Writing the Constitution On February 21, 1787, Congress called for a Constitutional Convention in Philadelphia "for the sole and express purpose of revising the Articles of Confederation.“ In May, the convention met and the Virginia delegation suggested they throw out the Articles and devise a new system of government! This act could be considered treason, so they adopted a pledge of secrecy (nailed windows shut)
The Virginia and New Jersey Plans The delegates submitted plans for a new government. The Virginia Plan proposed that sovereignty be vested in the people and not the states. The New Jersey Plan would have primarily strengthened the Articles by giving Congress the ability to raise revenues and would have kept a unicameral legislature chosen by state legislatures.
The Great Compromise Connecticut offered a compromise taking elements of each plan. The legislature would be bicameral with the lower house (House of Representatives)based on population and the upper house (Senate) premised on equal representation for the states. Both houses had to pass all legislation so both small and large states were satisfied.
Anti-Federalist Opposition to This In general, the Anti- Federalists viewed the Constitution as a threat to five cherished values Law Political Stability The Principles of the Declaration of Independence To Federalism Anti-Commericalism
What’s special about states’ rights? Anti-Federalists believed that effective administration could only exist in states with a small territory with a homogenous population. In large, diverse republics, many significant differences in condition, interest, and habit have to be ignored for the sake of uniform administration. A large national government would impose uniform rules despite American diversity, resulting in hardship and inequity in many parts of the country.
The Federalist Papers A set of essays, written by Hamilton, James Madison, and John Jay, and published in New York newspapers under the pseudonym Publius. During the ratification controversy, these essays were circulated nationally. The essays linked opposition to the new Constitution with hot-headed liberals (Patrick Henry) and those with a vested interest in maintaining a weak government (George Clinton).
Federalist #10, Madison This essay explains how the Constitution protects against a tyranny of the majority, without resort to dictatorship. The key to understanding Madison’s argument is that the tyrant is an individual or group who, if given power, would harm others in pursuit of self-interest. A faction is the term to describe an individual or group seeking that power.
Federalist #10:Enlightened Statesmen “It is in vain to say that enlightened statesmen will be able to adjust these clashing interests and render them all subservient to the public good. Enlightened statesmen will not always be at the helm. Nor, in many cases, can such an adjustment be made without taking into view indirect and remote considerations, which will rarely prevail over the immediate interest which one party may find in disregarding the rights of another or the good of the whole.”
Federalist #10: Minority Factions A minority faction can be controlled through elections. The minority “may clog he administration, it may convulse the society; but it will be unable to execute and mask its violence under the forms of the Constitution.”

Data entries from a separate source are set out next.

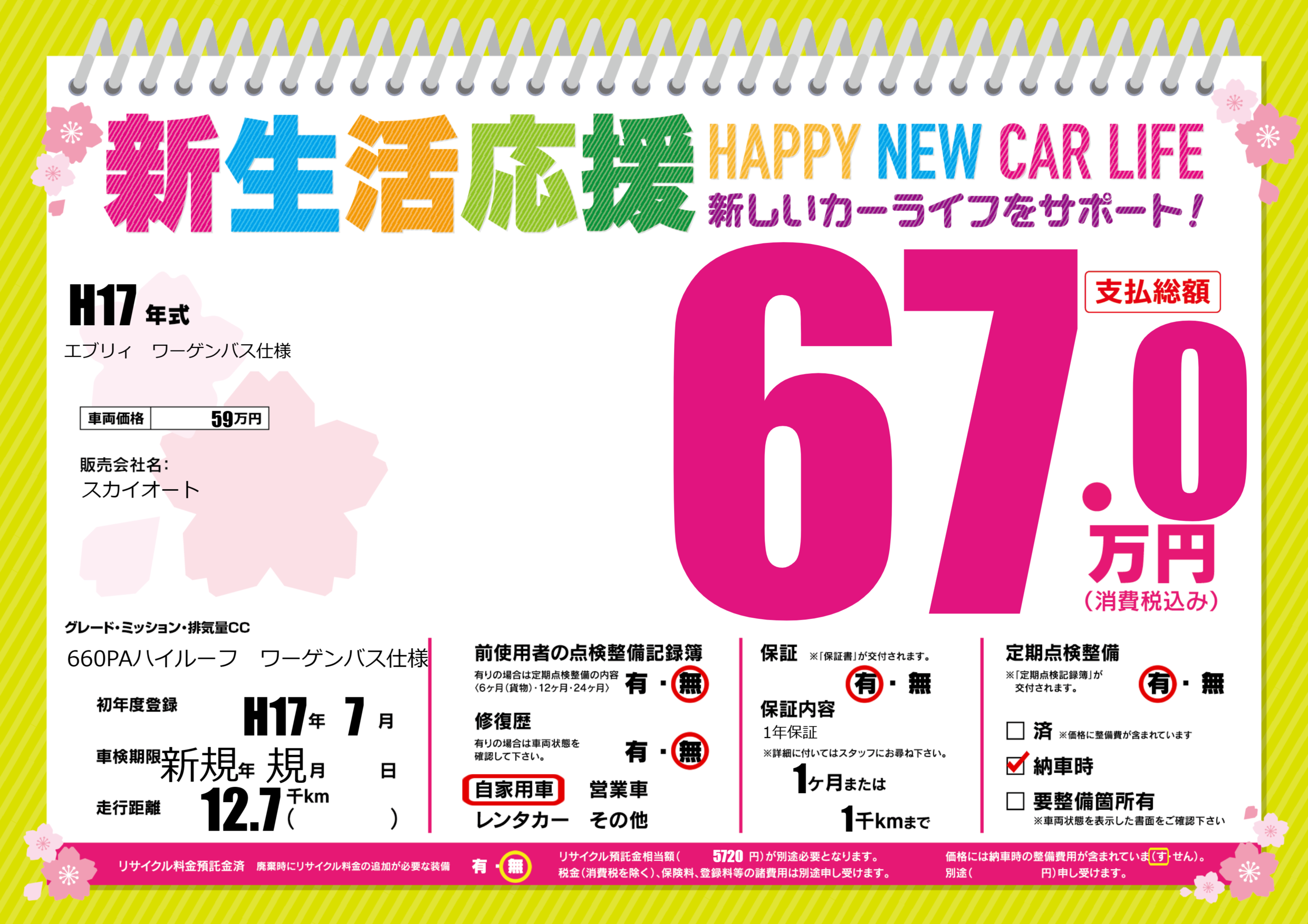 | 車名 | エブリィ ワーゲンバス仕様 | グレード ミッション 排気量 |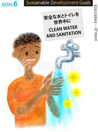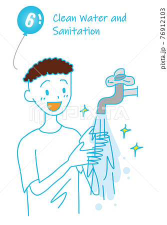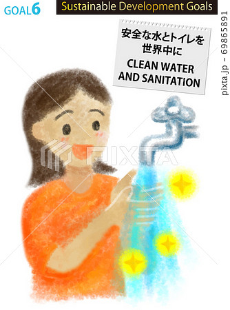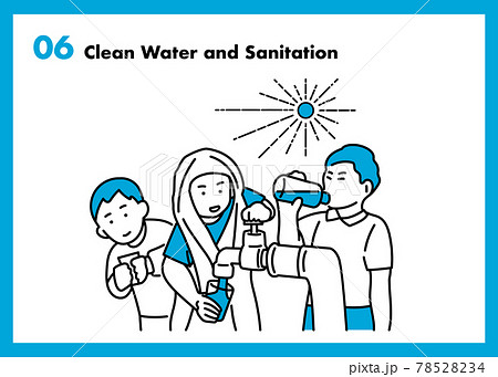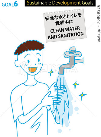 SDGs目標6イメージのメッセージとシンプル線画イラスト
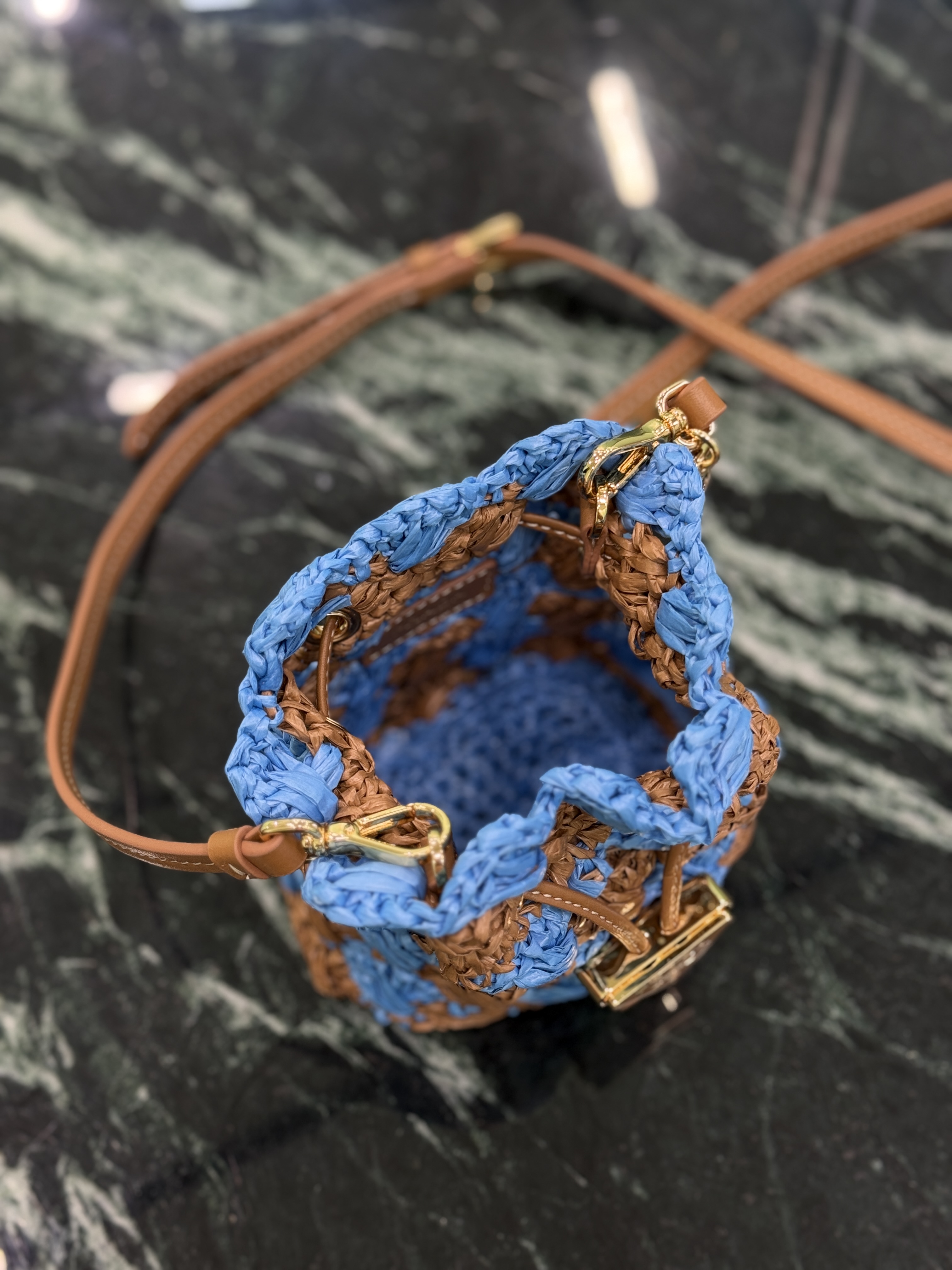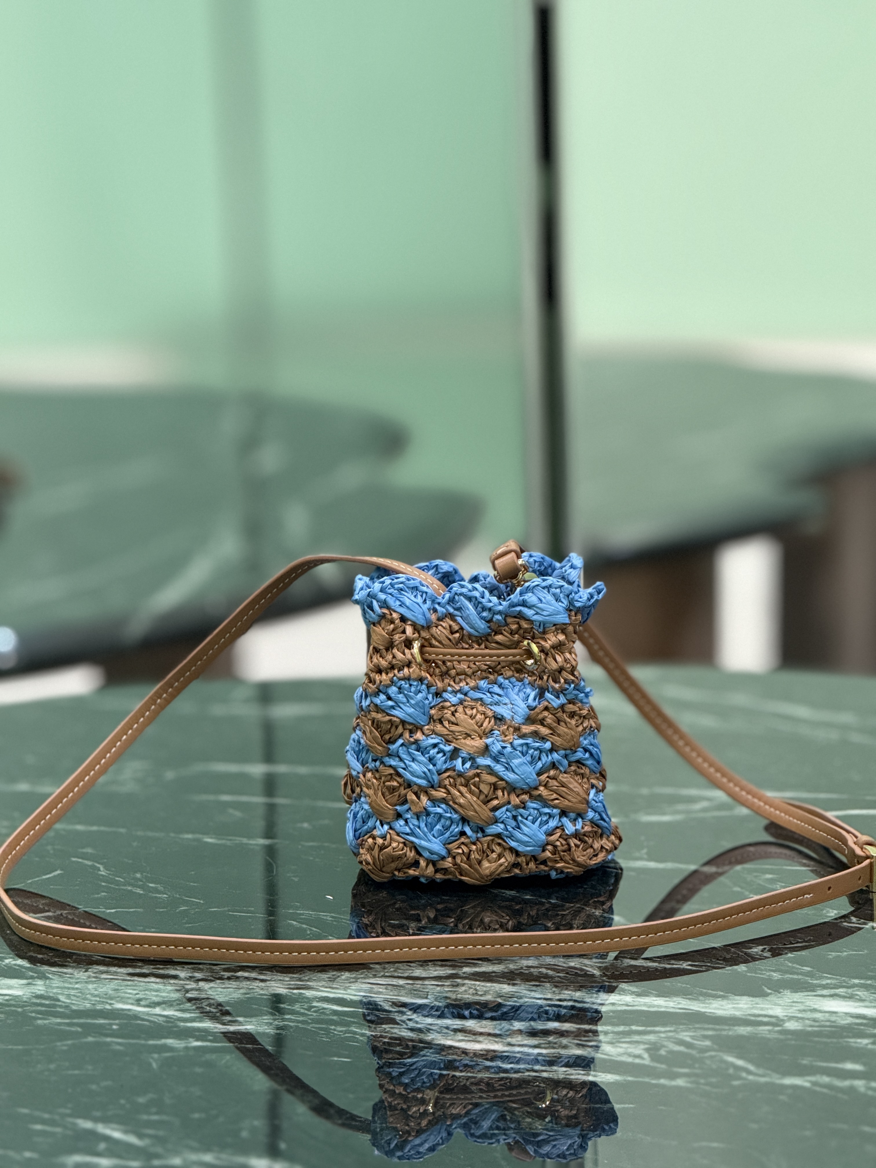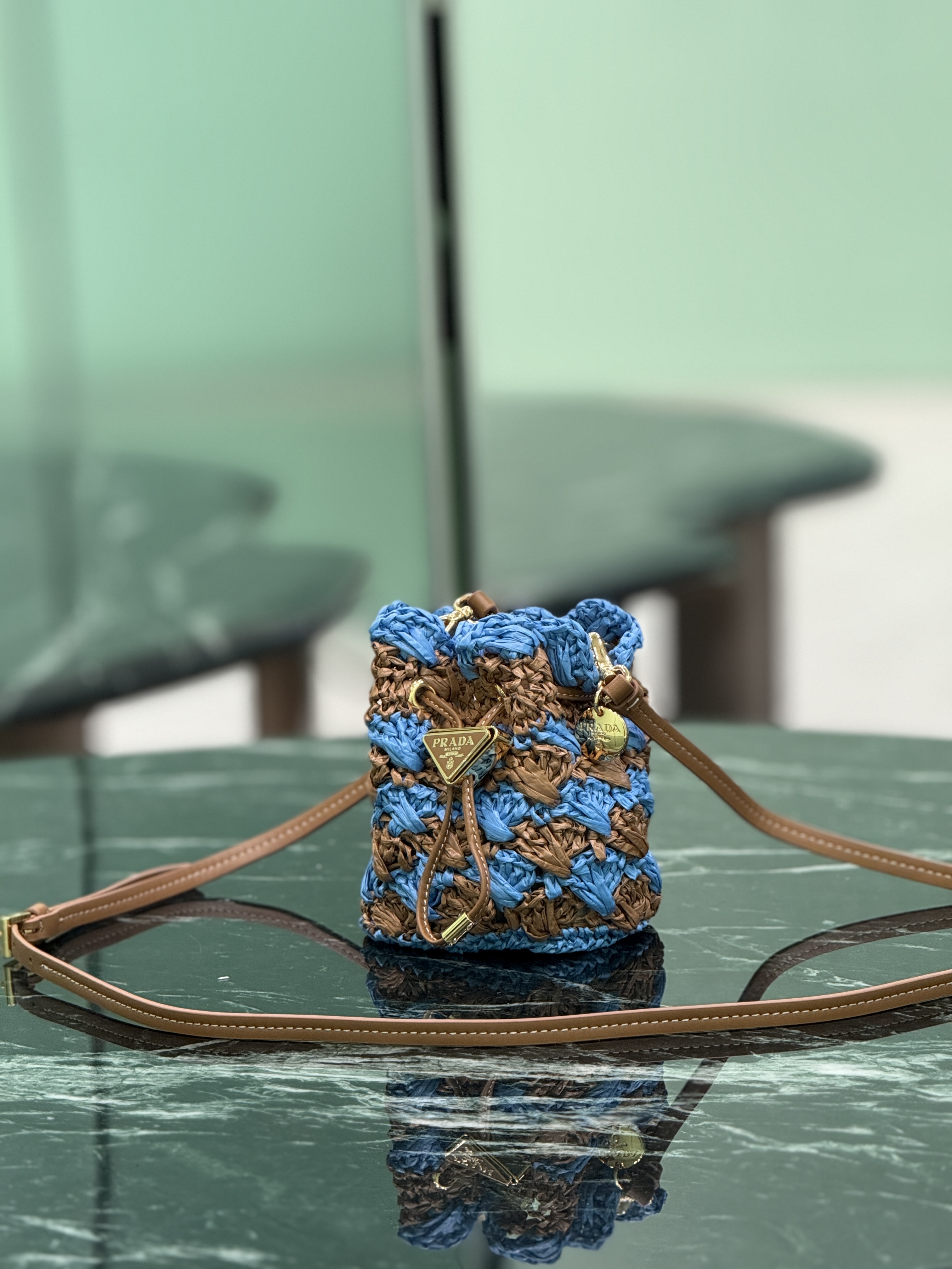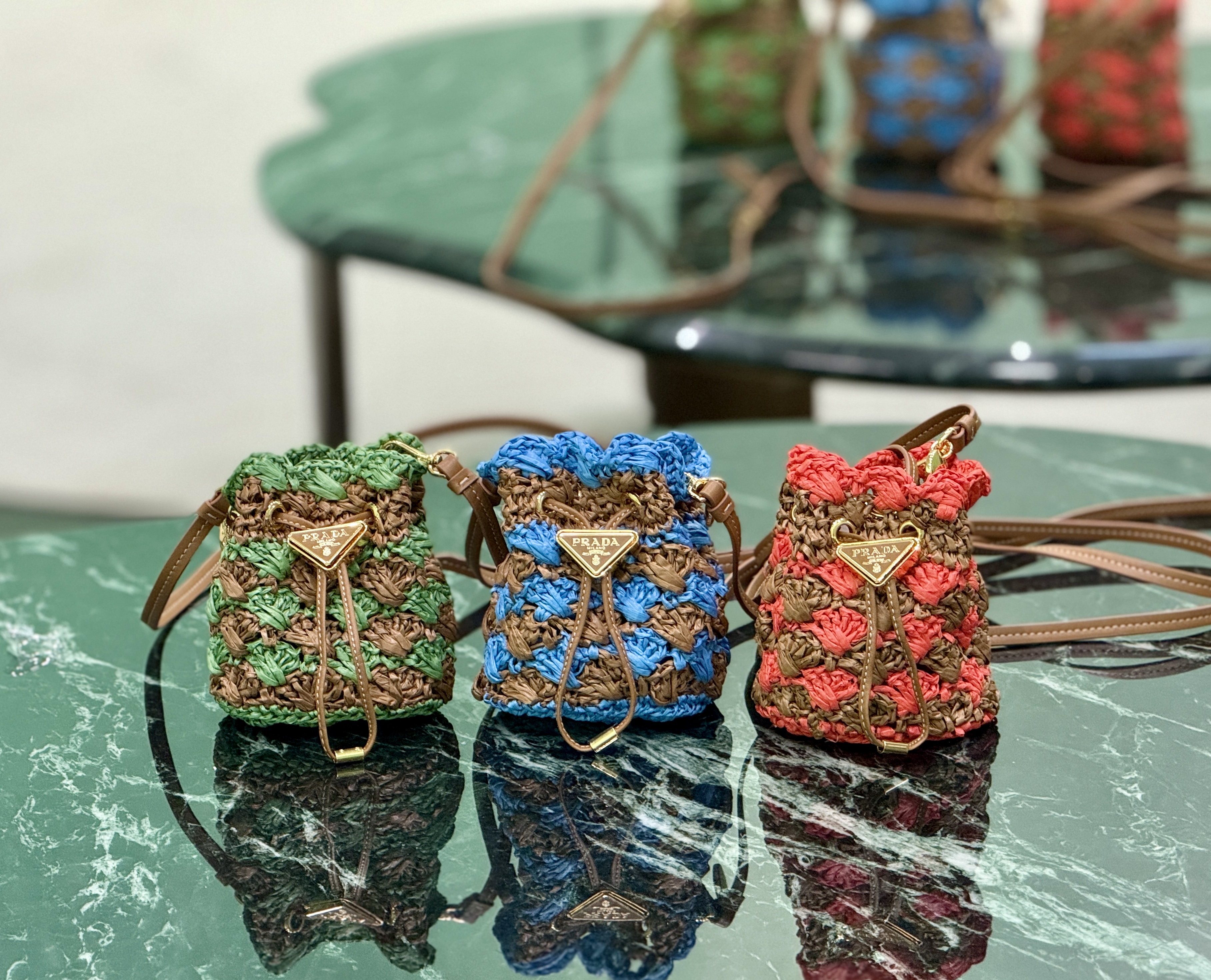 This handwoven Prada mini bucket bag is absolutely adorable! Featuring a colorful woven design with an enamel-coated metal triangle logo detail at the closure. Comes with a matching leather shoulder strap for easy crossbody wear. So chic and playful!

Federalist #51 Why do we need the separation of powers? Because individuals given power will use it for personal advantage. “If men were angels, no government would be necessary.”
Federalist #51: Checks and Balances A constitution must balance two aims: sufficient capacity for governance and effective control over the leadership. A system of checks and balances was what Montesquieu meant, rather than a strict separation of powers. To function effectively, the system of checks and balances requires multiple branches of government. Each branch must be independent from the others. Each branch must sufficient power to hold the others in check.